Annals of animals which get ‘who’
In a local newspaper some time ago I read about ‘dormice . . . who nest in shrubs and hedgerows’. The grammar of this phrase struck me enough to write a brief post on the different kinds of antecedent for which we use the relative pronouns who, that, and which.
When referring to animals we usually use that or which, reserving who for people, or entities that comprise people. But who may also be used for animate entities with personality or the implication thereof, and this includes non-human animals – even dormice, I was pleased to see.
As the table below shows, who is especially likely to be used with pets, companion animals, or domesticated or very familiar animals.
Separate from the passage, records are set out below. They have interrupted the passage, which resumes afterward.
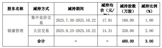 2025年10月23日,粤万年青发布关于控股股东、实际控制人的一致行动人减持股份变动触及1%暨减持计划实施完毕的公告。公告显示,银康管理2025年7月30日至2025年10月22日减持股数共计480万股。经计算,银康管理套现金额为7444.8万元。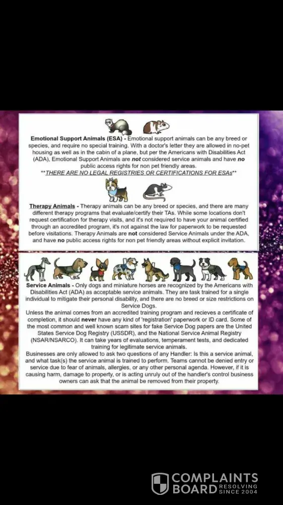 I am contacting you regarding your recent Snapchat article about Emotional Support Animals. The information in your article is incorrect and is going to lead to legal action being taken if the incorrect information isn't corrected. As per the ADA, ESAs have NO unlocks access rights. Putting the information out there that they have PA rights is going to cause problems such as arrests to those who believed the article and brought their ESA with them, lawsuits to stores that allowed ESAs in and they caused damage, lawsuits where ESAs attacked legitimate service animals, etc. ESAs are usually untrained, meaning they pull at the leash, bark, jump on people, and sometimes show aggression. There are laws in place to keep service animals and the public safe, but you are going to convince your readers that those laws are wrong. Because of false/misleading information found in your article, legitimate service dogs have had to retire from having fake or even legitimate ESAs attack them. Because of the lack of research that goes into your articles, I'm suprised the business is still running. Please educate your staff and teach them to do research before they post. You'd think professional writers would know that. I'm very disappointed and will be in contact with my lawyer. What is the Cosmopolitan Snapchat Suprvisor's phone number? Fake ESAs and Service Animals are such a huge problem. I want to be able to go out with my SD and live normally, but every time I go I have to watch our backs for fakes and ESAs. My life could actually be in danger if she missed an alert because a ESA or fake was distracting or attacking her. We've been attacked before by a ESA in a place it should not have been.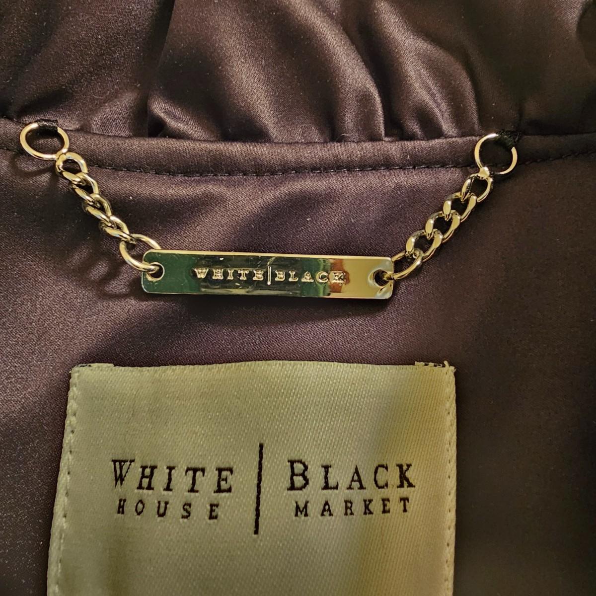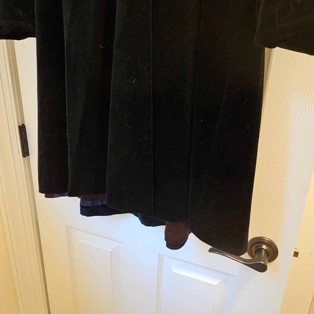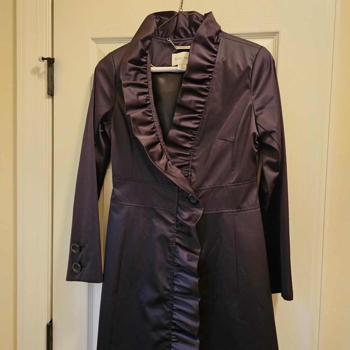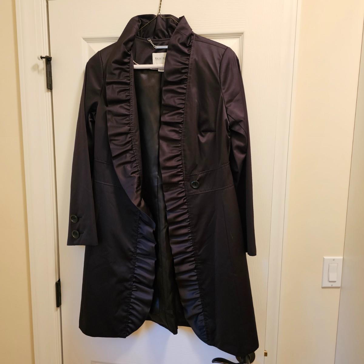A pair of black ladies coats for evening wear or other. Item with ruffled collar and lapels is by WhiteHouse/Black Market, is a size 6 and is 100% polyester. Single button front. Other item is for colder weather by Helena, is a size 10 and comes with a matching hand muffin. Coat has a full hood, is cotton velvet outside and acetate lining. White trim is fox fur. Two button at top near collar. Also included is another hand muff, possibly rabbit with a strap and accent chevron of front. Inside has some discoloration and staining. See photos for details. Shipping available.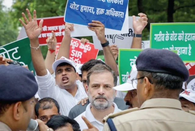 پیر کے روز نئی دہلی میں ہندوستانی حزب اختلاف کے درجنوں رہنماؤں کو حراست میں لیا گیا جب انہوں نے نعرے لگائے ، بیریکیڈس کود پائے اور انتخابی بدعنوانیوں کے خلاف ایک غیر معمولی عوامی احتجاج میں الیکشن کمیشن میں مارچ کیا۔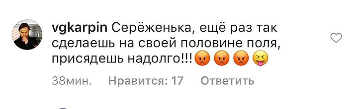 Опубликовав видео в инстаграме, Сергей получил вот такой комментарий от Валерия Карпина. Видимо, завидует: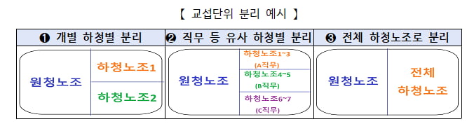 입법 예고된 시행령에 따르면 고용노동부는 일단 현행 교섭창구 단일화 제도의 틀은 유지한다. 하지만 하청노조가 원청노조와 창구 단일화를 원하지 않을 경우 교섭 창구를 '분리'해 원청과 직접 교섭할 수 있게 허용한다. 한발 더 나아가 아예 '원칙적으로' 원청노조와 하청노조 간 교섭단위를 분리한다는 입장이다. 만약 하청노조가 교섭단위 분리 신청을 하지 않는다면 원청노조와 하청노조가 연대해 교섭하도록 정부가 지도할 계획이다. 사실상 하청 노동조합에게 교섭을 분리할지를 두고 '선택권'을 준 셈이다.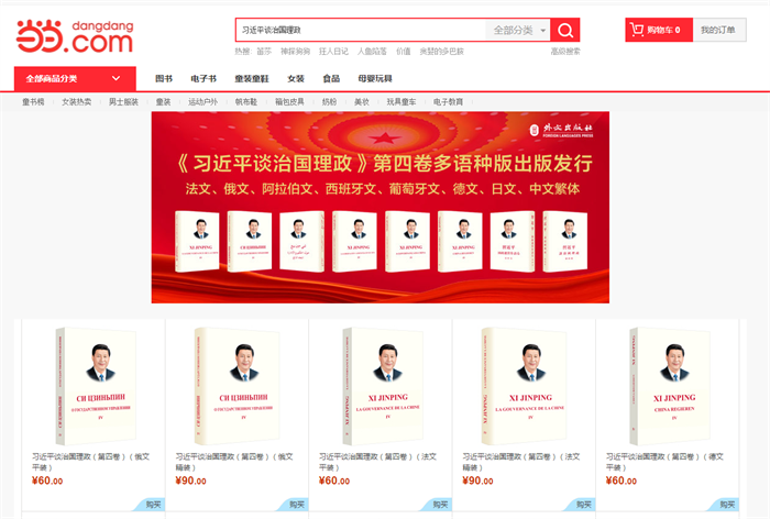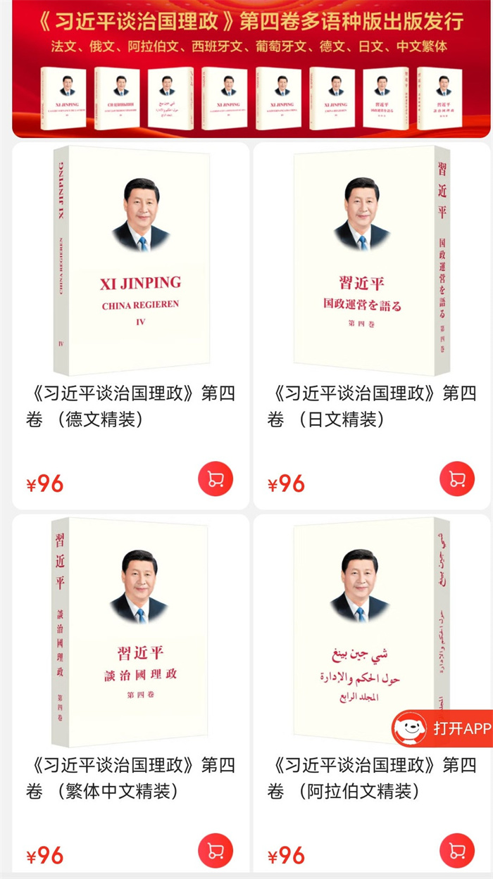 6月11日正式出版發布后,《習近平談治國理政》第四卷多語種版已在全國各大中心書城和網站上架銷售,以下為各地主要書城和網站重點銷售展陳的場面。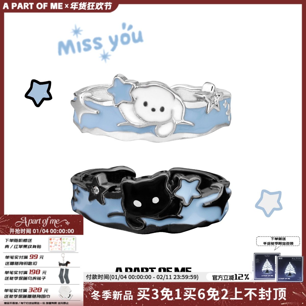 A PART OF ME雪中摘星的小猫小狗原创设计925纯银戒指情侣对戒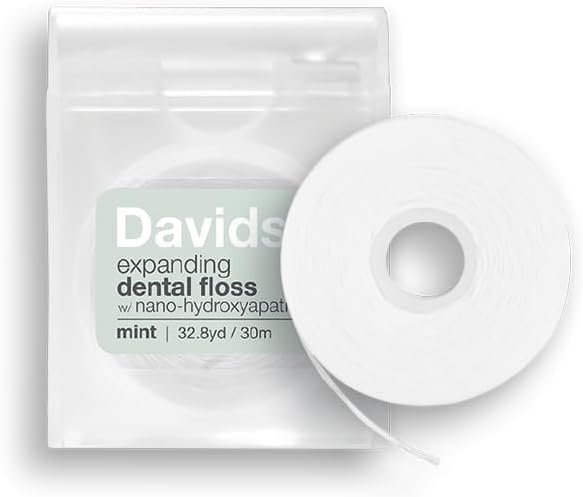 You can smile brighter knowing that Davids floss is meticulously designed for high performance. ItÕs woven 250+ strands of soft (yet gently scrubby) threads....and coated in smooth wax infused with cocoa butter and nano hydroxyapatite. The wax and cocoa butter allows the floss to glide smoothly between your teeth, and nano hydroxyapatite works to remineralize enamel in those hard-to-reach crevices. Davids floss is free of harmful PFAS, making it a safe dental floss for your whole family.

If the creature has been personalized with a name or by establishing its sex, there’s a good chance it will warrant who.
I read a couple of nice examples recently in Claire Keegan’s short story ‘Men and Women’, from her debut collection Antarctica:
She watched the sudden, fast shadows of swallows who flew past her window in fleeting pairs, subtracting light from her room, and marvelled how living things could suspend themselves in mid-air.
I sit by the window and keep an eye on the sheep who stare, bewildered, from the car.
And two more in Luis Bunuel’s autobiography My Last Breath, translated by Abigail Israel:
At one time or another, we had monkeys, parakeets, falcons, frogs and toads, grass snakes, and a large African lizard who the cook killed with a poker in a moment of terror.
Luis also had a hatbox filled with tiny gray mice whom he allowed us to look at once a day
The second of these is from an article by Bunuel’s sister Conchita that was published in the French magazine Positif and reproduced in My Last Breath. Both pronoun choices can presumably be attributed to the translator. The inconsistency in selecting whom is a little curious too.
For a more thorough treatment of attitudes to the use of who with animals, see Gaëtanelle Gilquin and George M. Jacobs’ paper ‘Elephants Who Marry Mice are Very Unusual: The Use of the Relative Pronoun Who with Nonhuman Animals’. It opens with an interesting story about Jane Goodall’s research in Tanzania:
When Goodall submitted her first scientific paper for publication, it was returned to her by the editor to be amended. In every place where she had written (he) or (she) to refer to chimpanzees, the words had been replaced with (it). Similarly, every (who) had been replaced with (which). In an effort to rescue the chimpanzees from “thing-ness” and restore them to “being-ness,” Goodall stubbornly changed the words back.
Gilquin and Jacobs review dictionaries, grammars, style guides and the British National Corpus to examine attitudes towards the usage and to analyse its different motivations and contexts. This table is from their survey of the BNC and shows the degree of familiarity, intelligence, and perhaps other characteristics likely to earn an animal the privilege.
Update:
I’ve since come across many interesting examples of this broad phenomenon, including a dog being called a ‘person’, and who being applied to a tree, which may warrant another post on the topic.